Both of these code paths go through initTcForLookup which is massive overkill, as the comment with TcEnv.lookupGlobal says. There's clearly a ToDo here to strip off the redundant stuff and do a minimal lookup.

I am optimistically marking this as newcomer because it is a refactoring task, and a good way of learning a bit about various pieces, with a reasonably clear notion of “success”.


UPDATE (April 2018, Phab:4503): both points described above are addressed to the extent when in order to close the ticket we need to do mere code movement. Namely.

  1. lookupThName_maybe and initTcForLookup are eliminated from CoreMonad.hs completely. Its client, though, thNameToGhcName, is better to be moved in the future also, for it is not used in the CoreMonad.hs (or anywhere else) anyway. Joachim suggested “any module reexported by GhcPlugins (or maybe even that module itself)”.
  1. CoreMonad.hs still calls lookupGlobal which is no longer bound to the typechecker monad, but still resides in TcEnv.hs — it should be moved out of Tc-land at some point in the future in order to close the ticket.

Change History (26)

comment:1 Changed 10 months ago by jkiefer

Hello. Am newcomer. I'd love to take a stab at this! Will start hacking away.

comment:2 Changed 10 months ago by bgamari

Great! Do let us know if you encounter trouble.

comment:3 Changed 10 months ago by simonpj

Great.

I suggest you start with TcEnv.lookupGlobal.

  • It invokes initTcForLookup (massive overkill) in order to call tcLookupGlobal. We need a versionn of this function that operates in the IO monad, not the TcM monad.
  • What does tcLookupGlobal get from the TcM monad? It'll need to get these things as explicit arguments instead, I guess. For example: consults the tcg_type_env, which was initialised by initTcForLookup. And it uses tcg_semantic_mod likewise.
  • Then it hands off to LoadIface.tcLookupImported_maybe. That does a bit more IO-ish things before finally deciding to load a new interface decl in tcImportDecl_maybe.
  • tcImportDecl_maybe uses initIfaceTcRn to make an IfM moand in which to do the loading work. But instesad you can make an IfM from scratch, by writing a variant of initIfaceTcRn.

Nothing really hard here, but you'll need to carefully tease out what dependencies are where. (The lack of explicit dependencies is, of course, both the blessing and the curse of monadic progrmaming.)

Happy to help.

comment:4 Changed 9 months ago by jkiefer

Alrighty! First question while I investigate more into performing a minimal lookup instead of using initTcForLookup.

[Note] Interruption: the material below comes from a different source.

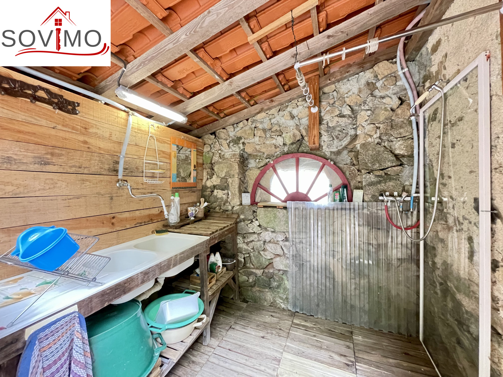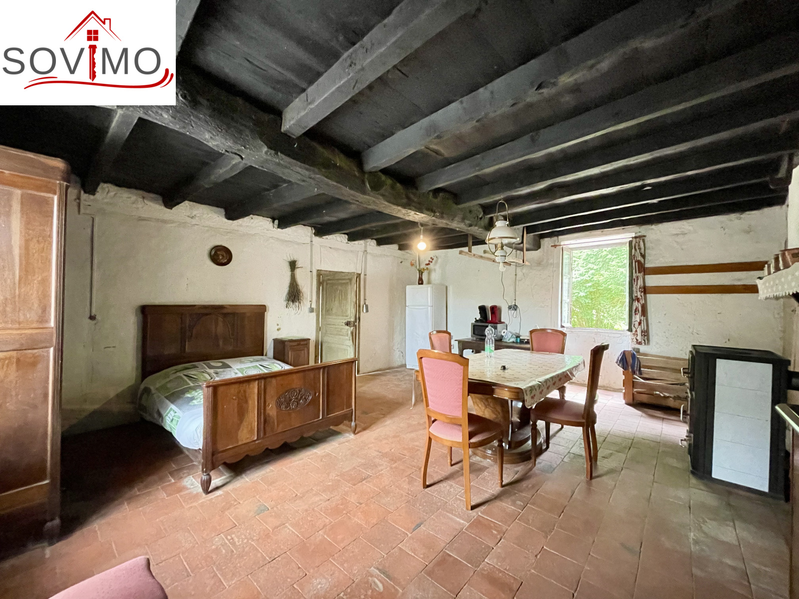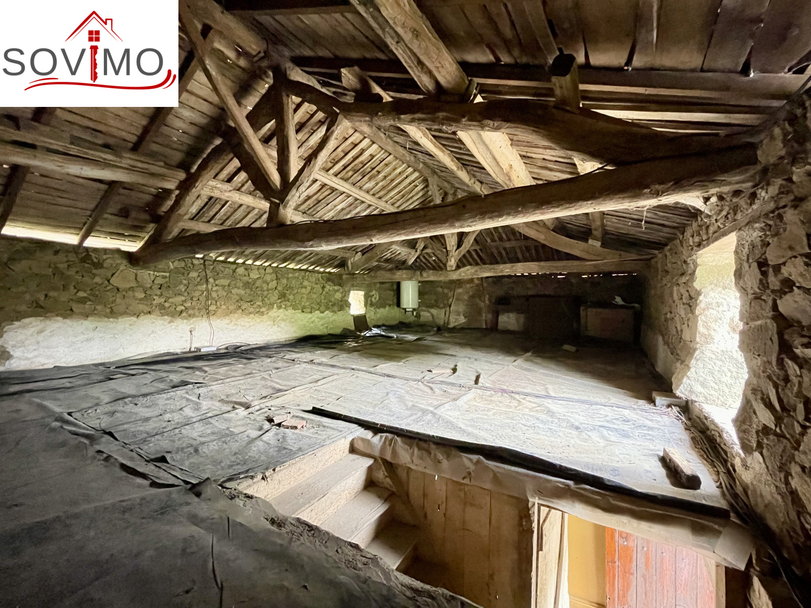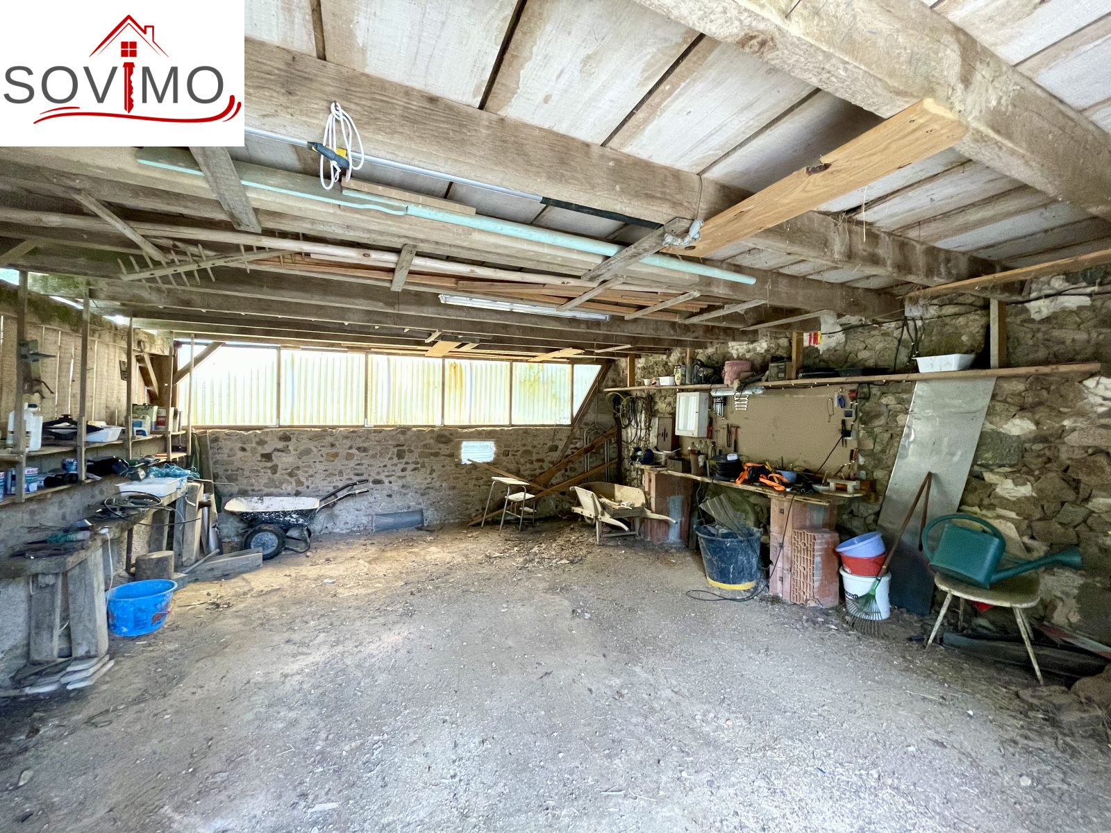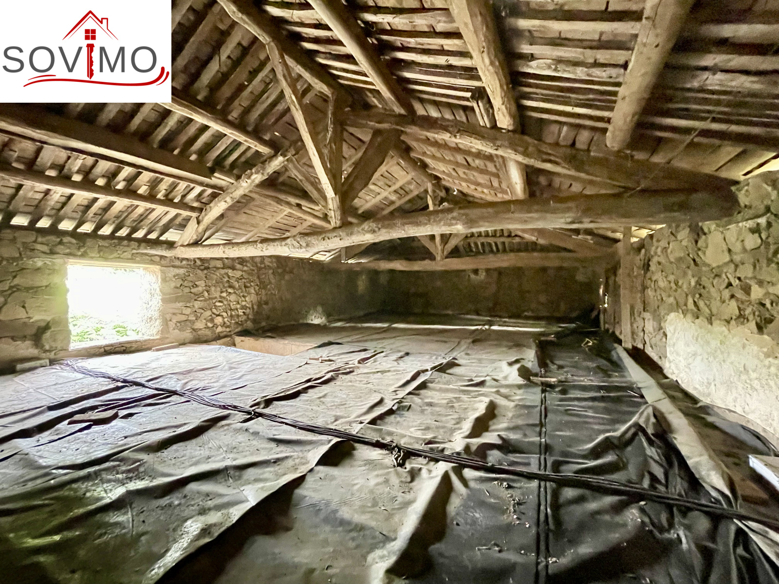 REF. 34861 : 60 500 euros HAI, Abzac (16), à 5 kms de tous commerces, EXCLUSIVITÉ ! dans un cadre reposant et agréable en bord de ruisseau, du potentiel pour cette chaumière, sans confort, à rénover, à usage d'habitation, 80 m2 env. utilisables, composée au rez de chaussée : une pièce d'eau de 4 m2 attenant à la maison, entrée/couloir, 2 pièces, à l'étage : grenier aménageable de 85 m2. Garage/atelier attenant de 35 m2 + petits toits, toilettes sèches extérieur, kiosque et barbecue, terrain attenant, le tout sur 2120 m2.

(Bear with me, I'm writing some of this out as I understand it myself)

We want to refactor thNameToGhcName to no longer be a part of CoreMonad and instead exist in a module to be pulled by GhcPlugins.hs.

Do correct me if I'm wrong, but creating a singleton module with just thNameToGhcName in it seems like a naive approach. Is there an existing module that is pulled in by GhcPlugins.hsthat would be an appropriate home for thNameToGhcName? Or should a new one simply be created?

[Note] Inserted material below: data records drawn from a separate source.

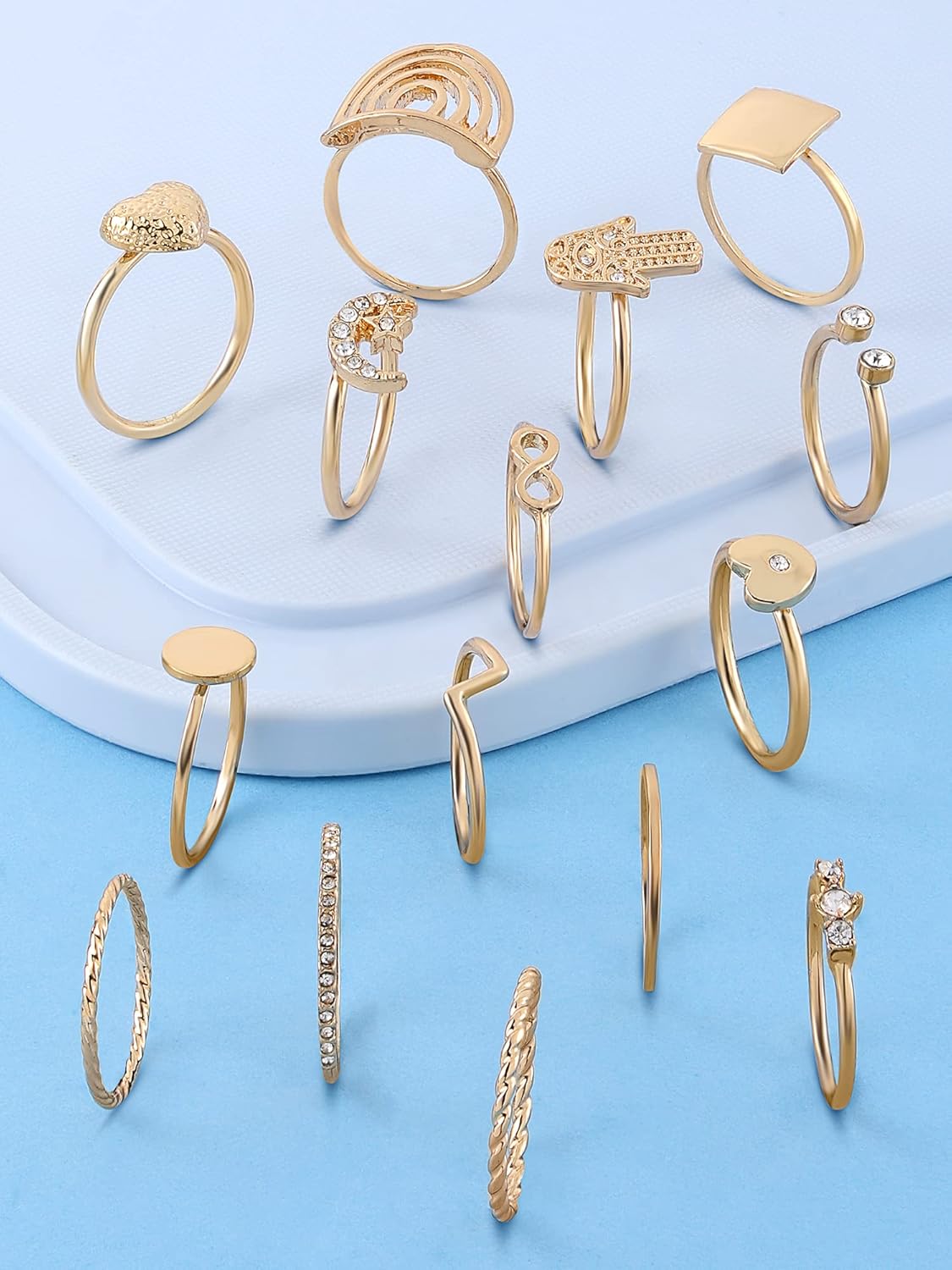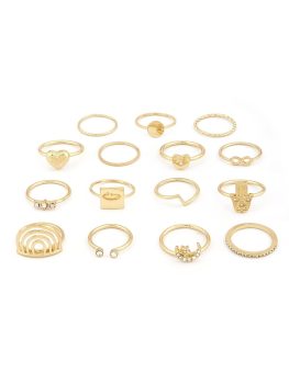 ZAVERI PEARLS Set of 15 Gold Tone Contemporary Stackable Rings For Women-ZPFK13629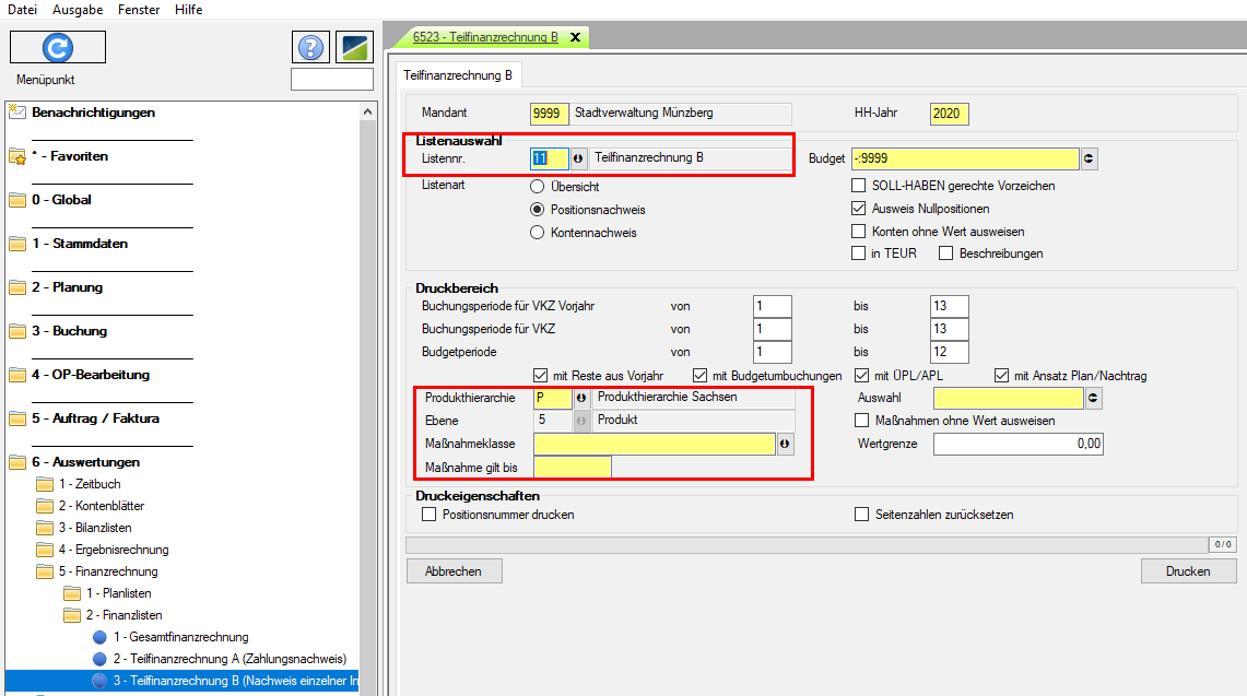 | Navigator | Auswertungen - Finanzrechnung - Finanzlisten - Teilfinanzrechnung B |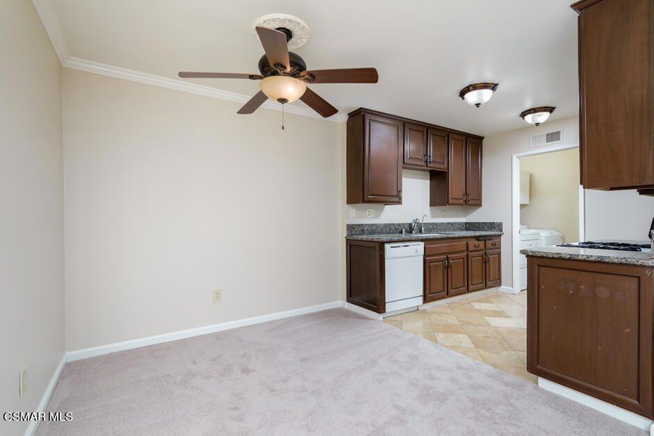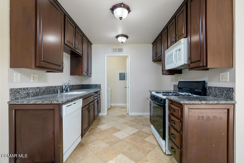 This single story, 2 bed and 1 full bath condo has a private garage and private courtyard patio. It's an end unit is in the quiet rear portion of the complex with a spacious layout that feels like a detached home.There is a large attached 2 car garage with plenty of built in shelving that leads through a private patio with garden to a double sliding door entrance into a beautifully remodeled space. This townhome features new carpet, pad and new paint throughout (January 2022), stylish crown molding & decorative designer details.This home has central heat and air, a custom mantel over the gas fireplace, a remodeled kitchen w/ travertine marble flooring, granite counter tops, dishwasher, stove, built-in microwave, custom cabinetry & storage to include a washer/dryer room. In addition, there is ample closet space throughout w/ a walk-in closet in main bedroom.Located in the back part of the well maintained community. The grounds are beautifully landscaped & include 2 pools & covered pergola dining areas. The home is located close to major shopping, local dining & multiple city parks. Minutes to the freeways (118 and 101), the local colleges; CSUN and Pierce College.

comment:5 Changed 9 months ago by simonpj

I suggest you start with TcEnv.lookupGlobal.

Doing this will avoid you getting sucked into template haskell stuff right away. We can come back to your question when this is done.

comment:6 in reply to:  5 Changed 9 months ago by jkiefer

Gotcha. Thank you for the guidance!

comment:7 Changed 6 months ago by ulysses4ever

As it seems to stale for a while, I'd like to give it a try.

IIUC, the strategy laid by Simon suggests developing a Tc-less version of lookupGlobal. For this we need to identify ties to Tc inside it and then try to cut those.

First tie (also spelled by Simon above) is “tcg_type_env, which was initialised by initTcForLookup”. I looked at initTcForLookup and its dependencies, and it seems to me that tcg_type_envis initialized with emptyNameEnv there. A question: does that mean that corresponding part of the tcLookupGlobal which queries tcg_type_env is not needed at all and can be omitted in the Tc-less version of lookupGlobal?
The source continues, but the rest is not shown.